╭──

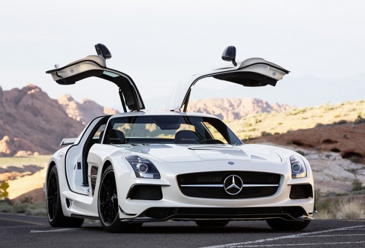 Mercedes-AMG presents the high-end super sports car version of the gull-wing model, the new SLS AMG Coupé Black Series. Inspired by the SLS AMG GT3 racing version, the fifth Black Series model from Mercedes-AMG boasts a fascinating mix of breath-taking design, outstanding driving dynamics and uncompromising lightweight construction in accordance with the “AMG Lightweight Performance” strategy. With a DIN kerb weight of 1550 kilograms, the SLS AMG Black Series achieves a power/weight ratio of 2.45 kg/hp.
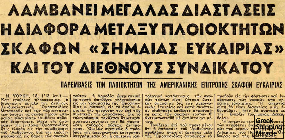Εν τω μεταξύ, η δημοσιότητα που λάμβανε η δραστηριότητα αρκετών Ελλήνων εφοπλιστών σε διεθνές επίπεδο προκάλεσε αντιδράσεις. Η αμερικανική κυβέρνηση το 1953 απηύθυνε κατηγορίες σε βάρος Ελλήνων εφοπλιστών, όπως ο Σταύρος Νιάρχος και ο Αριστοτέλης Ωνάσης, για παράνομη αγορά και διαχείριση πλοίων που ανήκαν στο αμερικανικό Δημόσιο, παρά το γεγονός ότι η αγορά των πλοίων είχε λάβει την έγκριση της αρμόδιας ναυτιλιακής επιτροπής των ΗΠΑ. Τελικά, η υπόθεση διευθετήθηκε με συμβιβασμό, ο οποίος προέβλεπε την επιστροφή ορισμένων από τα πλοία στην κυβέρνηση των ΗΠΑ και την καταβολή προστίμων.
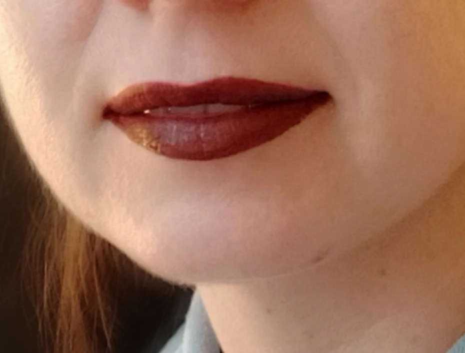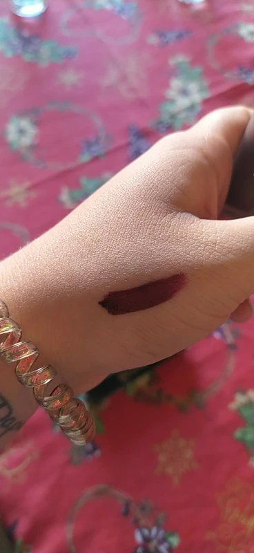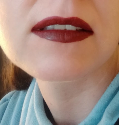Помада хорошая, но красить её надо в несколько слоев , чтобы не было проплешин и отличий цветов на губах. Кому нравятся тёмные оттенки ,то это для вас. Цвет темно-сливовый. Водостойкая, даже мицеллярная вода не смывает помаду. Очень тяжело смывается.
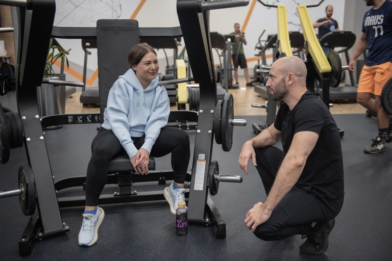 Първото занимание в залата, която е пълна със спортуващи хора дори по обяд в работен ден, всъщност представлява една лека тренировка с удобната екипировка на Asics. В нея Михаил прави редица тестове, като първият е да измери работата на кардиореспираторния апарат на Вики, а след това последва проверка на издръжливостта, силата и мобилността ѝ.
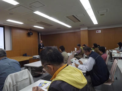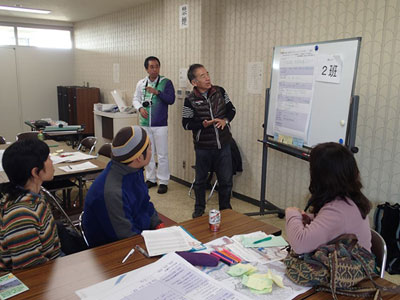 早朝の「ねんねこ祭り」から戻るとすぐ、串本町古座分庁舎へ。前日の荒船海岸<あるもの探し>の続きで、眠い目をこすりながら、ピックアップした資源から具体的ツアープランを作成するワークショップを行う。何というスケジュールだろう! この日は、熊野体験博のプロデューサーをつとめた小野田金司氏(現神戸夙川学院大学観光文化学部長)も参加。立案したプランはパクリ予防のため秘すが、小野田氏からは「ここは観光資源が有り余るところ。ターゲットを選び、いかにうまく相互に結びつけて整理するかがポイント」というアドバイスがあった。 神保圭志氏FBより引用 |
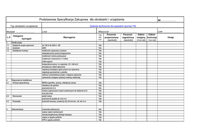 załącznik nr 1 - Zadanie techniczne dla spawarki ręcznej TIG
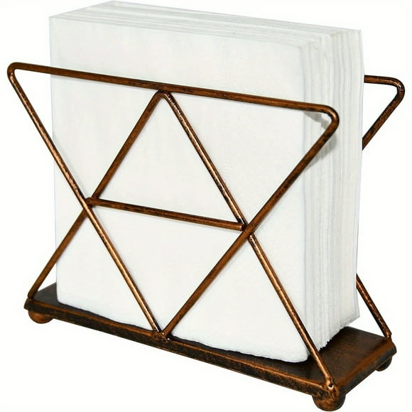 QUTETN Copper Modern Geometric Triangle Metal Wire Upright Napkin Holder
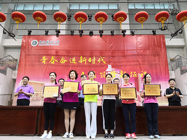 经过两天的激烈拼搏,最终决出4个单项共20个奖项。其中获得男子团体甲组前六名的队伍分别是第一附属医院、机关一总支、第二附属医院、机关三总支、人文医学学院、机关二总支。获得女子团体甲组前六名的队伍分别是第一附属医院、口腔医学院、机关三总支、第二附属医院、人文医学学院、第四附属医院。校领导队、临床医学院、药学院、第四附属医院分获男子团体乙组前四名。获得女子团体乙组前四名的队伍则是临床医学院、机关一总支、继续教育学院、机关二总支。
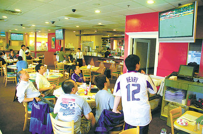 阿罕布拉的一家港式西餐廳11日清晨7時即聚集一批華人球迷,商家也應景將店中全部電視調到球賽轉播,大家同樂。 (美國《世界日報》/楊青攝影)
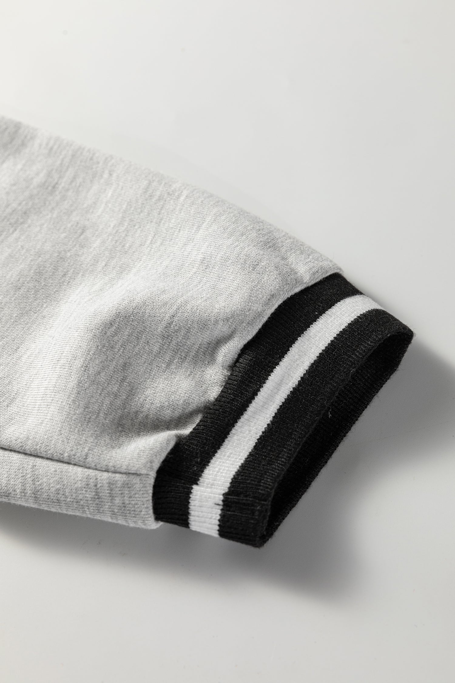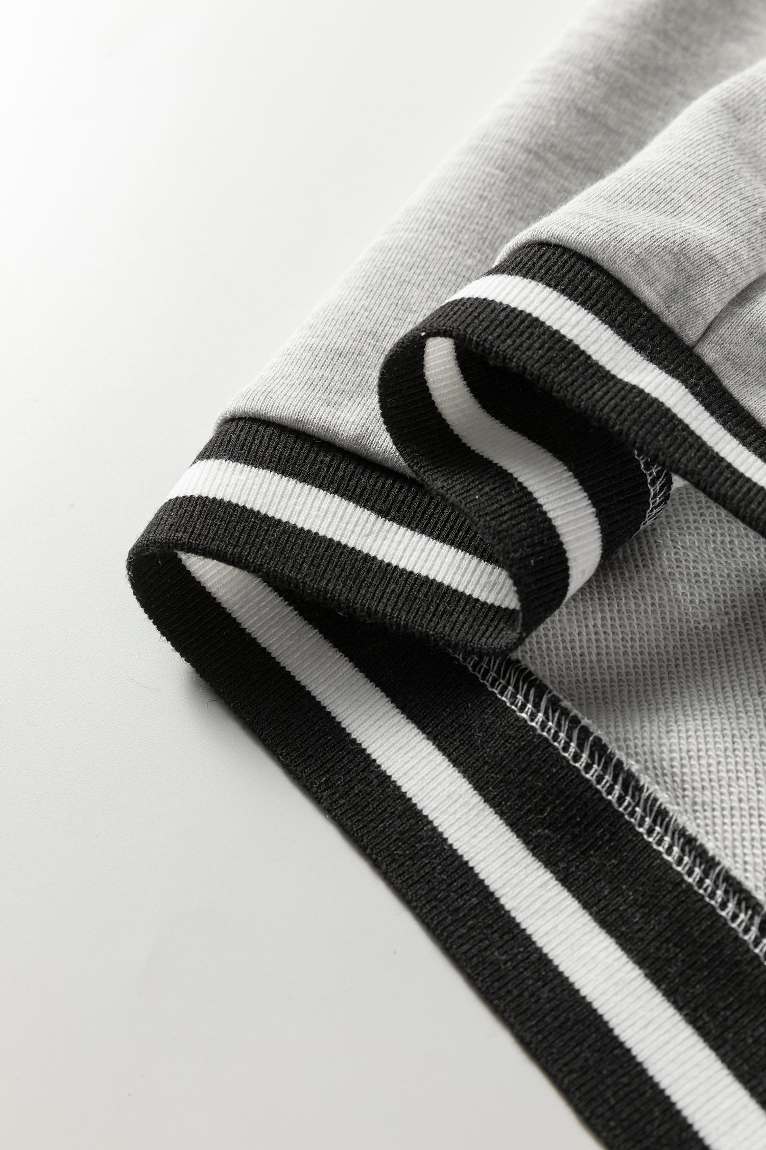 Light Grey Striped Trim V Neck Long Sleeve Preppy T Shirt Dress

╰──

Although the records hold pictures, return only what remains, word for word.

 Mercedes-AMG presents the high-end super sports car version of the gull-wing model, the new SLS AMG Coupé Black Series. Inspired by the SLS AMG GT3 racing version, the fifth Black Series model from Mercedes-AMG boasts a fascinating mix of breath-taking design, outstanding driving dynamics and uncompromising lightweight construction in accordance with the “AMG Lightweight Performance” strategy. With a DIN kerb weight of 1550 kilograms, the SLS AMG Black Series achieves a power/weight ratio of 2.45 kg/hp.
Εν τω μεταξύ, η δημοσιότητα που λάμβανε η δραστηριότητα αρκετών Ελλήνων εφοπλιστών σε διεθνές επίπεδο προκάλεσε αντιδράσεις. Η αμερικανική κυβέρνηση το 1953 απηύθυνε κατηγορίες σε βάρος Ελλήνων εφοπλιστών, όπως ο Σταύρος Νιάρχος και ο Αριστοτέλης Ωνάσης, για παράνομη αγορά και διαχείριση πλοίων που ανήκαν στο αμερικανικό Δημόσιο, παρά το γεγονός ότι η αγορά των πλοίων είχε λάβει την έγκριση της αρμόδιας ναυτιλιακής επιτροπής των ΗΠΑ. Τελικά, η υπόθεση διευθετήθηκε με συμβιβασμό, ο οποίος προέβλεπε την επιστροφή ορισμένων από τα πλοία στην κυβέρνηση των ΗΠΑ και την καταβολή προστίμων.
Помада хорошая, но красить её надо в несколько слоев , чтобы не было проплешин и отличий цветов на губах. Кому нравятся тёмные оттенки ,то это для вас. Цвет темно-сливовый. Водостойкая, даже мицеллярная вода не смывает помаду. Очень тяжело смывается.
 Първото занимание в залата, която е пълна със спортуващи хора дори по обяд в работен ден, всъщност представлява една лека тренировка с удобната екипировка на Asics. В нея Михаил прави редица тестове, като първият е да измери работата на кардиореспираторния апарат на Вики, а след това последва проверка на издръжливостта, силата и мобилността ѝ.
 早朝の「ねんねこ祭り」から戻るとすぐ、串本町古座分庁舎へ。前日の荒船海岸<あるもの探し>の続きで、眠い目をこすりながら、ピックアップした資源から具体的ツアープランを作成するワークショップを行う。何というスケジュールだろう! この日は、熊野体験博のプロデューサーをつとめた小野田金司氏(現神戸夙川学院大学観光文化学部長)も参加。立案したプランはパクリ予防のため秘すが、小野田氏からは「ここは観光資源が有り余るところ。ターゲットを選び、いかにうまく相互に結びつけて整理するかがポイント」というアドバイスがあった。 神保圭志氏FBより引用 |
 załącznik nr 1 - Zadanie techniczne dla spawarki ręcznej TIG
 QUTETN Copper Modern Geometric Triangle Metal Wire Upright Napkin Holder
 经过两天的激烈拼搏,最终决出4个单项共20个奖项。其中获得男子团体甲组前六名的队伍分别是第一附属医院、机关一总支、第二附属医院、机关三总支、人文医学学院、机关二总支。获得女子团体甲组前六名的队伍分别是第一附属医院、口腔医学院、机关三总支、第二附属医院、人文医学学院、第四附属医院。校领导队、临床医学院、药学院、第四附属医院分获男子团体乙组前四名。获得女子团体乙组前四名的队伍则是临床医学院、机关一总支、继续教育学院、机关二总支。
 阿罕布拉的一家港式西餐廳11日清晨7時即聚集一批華人球迷,商家也應景將店中全部電視調到球賽轉播,大家同樂。 (美國《世界日報》/楊青攝影)
 Light Grey Striped Trim V Neck Long Sleeve Preppy T Shirt Dress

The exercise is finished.